In former times the bottles used to be placed with their heads downwards on tables pierced with holes, from which they had to be removed and agitated. At a still earlier date the process was more or less successfully accomplished by holding the bottles upside down by the neck, tapping them at the bottom to detach the sediment, and then, after shaking them well up, laying them on their sides until the operation was repeated. In 1818, however, a man named Müller, in the employment of Madame Clicquot, suggested that the bottles should remain in the tables whilst being shaken, and further that the holes should be cut obliquely, so that they might recline at varying angles. His suggestions were privately adopted by Madame Clicquot; but eventually the improved plan got wind, and the system which he initiated now prevails throughout the Champagne.[415]

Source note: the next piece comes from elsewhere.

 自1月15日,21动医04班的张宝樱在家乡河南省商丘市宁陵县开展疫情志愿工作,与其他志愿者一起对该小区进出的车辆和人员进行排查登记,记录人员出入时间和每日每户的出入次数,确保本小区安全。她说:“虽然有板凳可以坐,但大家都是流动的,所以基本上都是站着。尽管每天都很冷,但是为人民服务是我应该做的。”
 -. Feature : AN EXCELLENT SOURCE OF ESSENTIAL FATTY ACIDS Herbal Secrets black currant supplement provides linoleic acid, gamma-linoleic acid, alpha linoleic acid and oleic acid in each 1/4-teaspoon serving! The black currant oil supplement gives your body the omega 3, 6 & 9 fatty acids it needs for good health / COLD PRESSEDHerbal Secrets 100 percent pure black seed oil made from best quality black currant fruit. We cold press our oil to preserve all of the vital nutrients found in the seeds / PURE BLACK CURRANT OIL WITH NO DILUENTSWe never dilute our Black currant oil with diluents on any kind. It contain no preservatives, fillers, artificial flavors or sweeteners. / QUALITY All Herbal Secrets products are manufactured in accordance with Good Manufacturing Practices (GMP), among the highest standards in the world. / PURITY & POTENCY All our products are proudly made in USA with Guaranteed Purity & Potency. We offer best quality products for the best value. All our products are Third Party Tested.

When the bottles have gone through their regular course of shaking, they are examined before a lighted candle to ascertain whether the deposit has all fallen on to the cork, and the wine has become perfectly clear. Sometimes it happens that, twist these men never so wisely, the deposit, instead of becoming flaky or granular, refuses to stir, and takes the shape of a bunch of threads technically called a ‘claw,’ or an adherent membrane styled a ‘mask.’ When this is the case an attempt is made to start it by tapping the part to which it adheres with a piece of iron, the result being frequently the sudden explosion of the bottle in the workman’s hands. By way of precaution, therefore, the operator protects his face with a wire mask, or by gigantic wire spectacles, which give to him a ghoul-like aspect. Frequently it is found impossible to detach the ‘mask’ from the side of the bottle, and in this case the only thing that remains is to pour the wine back again into the cask, with the view of mixing it in some future cuvée.[416]